China's admission to the World Trade Organization, which could come as early as December, is expected to aggravate inequalities by creating new investment opportunities for those with capital, and by bidding up wages for high-skilled labor even as it squeezes farmers and forces closure of inefficient state-run firms.

Personal wealth remains a new phenomenon in China. Most of those on this year's list didn't start their businesses until the 1980s.

Liu's rise shows how China's booming economy has offered new opportunities for those with pluck and luck. He began in 1982 as a lowly street vendor, fixing radios in a stall. After a disastrous initial attempt at raising quails, he and his brothers tried their hand at selling cheap grain to farmers around their hometown of Chengdu. Their feed was cheaper than imported products, and of better quality than the moldy stuff from state-owned plants.

Now Hope Group runs factories throughout China and Southeast Asia, and the Lius are hoping WTO membership will enable them to muscle into the flour-milling business.

The Forbes list suggests a degree of mobility within the ranks of China's most affluent. Eighteen people on last year's top 50 list failed to crack this year's top 100. Rankings slipped this year for many whose wealth is tied up in stocks, reflecting sharp declines over the past four months on the nation's two exchanges.

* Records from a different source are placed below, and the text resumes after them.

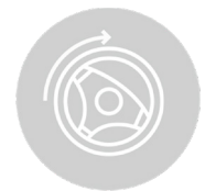
Steering angle sensor
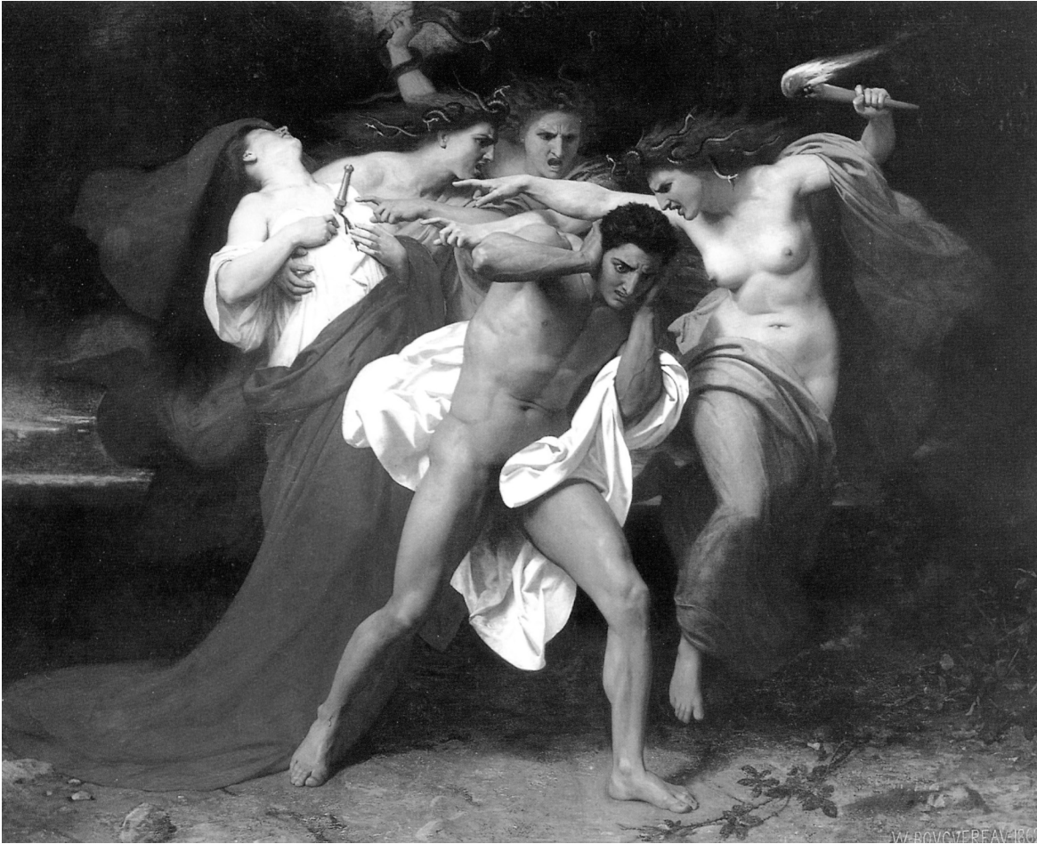
Orestes Pursued by the Furies (1862) from the 19 th -century French painter Adolphe-William Bouguereau, depicting the snake-haired Eumenides castigating Orestes for murdering his mother. Alecto, the same Fury that would later forgive King Oedipus for accidentally killing his father (mentioned by Dryden in his verse for Music for a While ), is shown on the right.
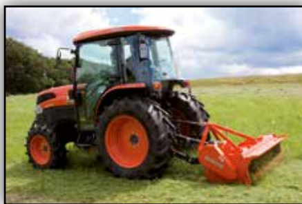
Adjustable lower hitch
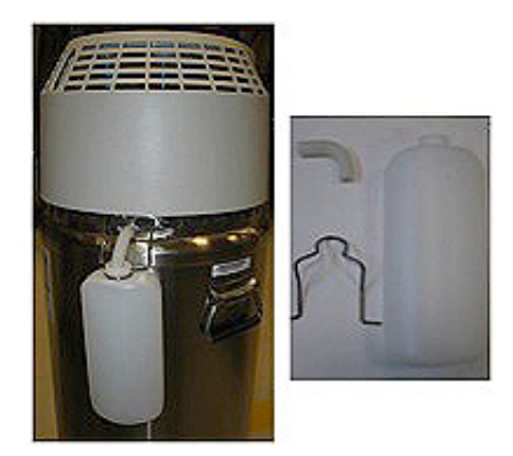
Figure 2 -- Companion Reservoir Drain Bottle Kit

A drain bottle kit is available for the Companion Reservoirs. The kit contains the drain bottle, the bracket used to attach it to the reservoir, and the tubing elbow to route the moisture. The kit can be ordered using part number #B-701362-00.

So is China in danger of another proletarian revolution? Lardy argues that ordinary Chinese, much like ordinary Americans, are probably willing to put up with big gaps between rich and poor as long as they perceive that those with fortunes made them fairly.

"It's sustainable as long as people feel that these fortunes were the result of skill, hard work or even good luck, rather than political connections or corruption," Lardy said. "In that sense, I think the data underlines the imperative for leaders' efforts to promote growth and crack down on corruption."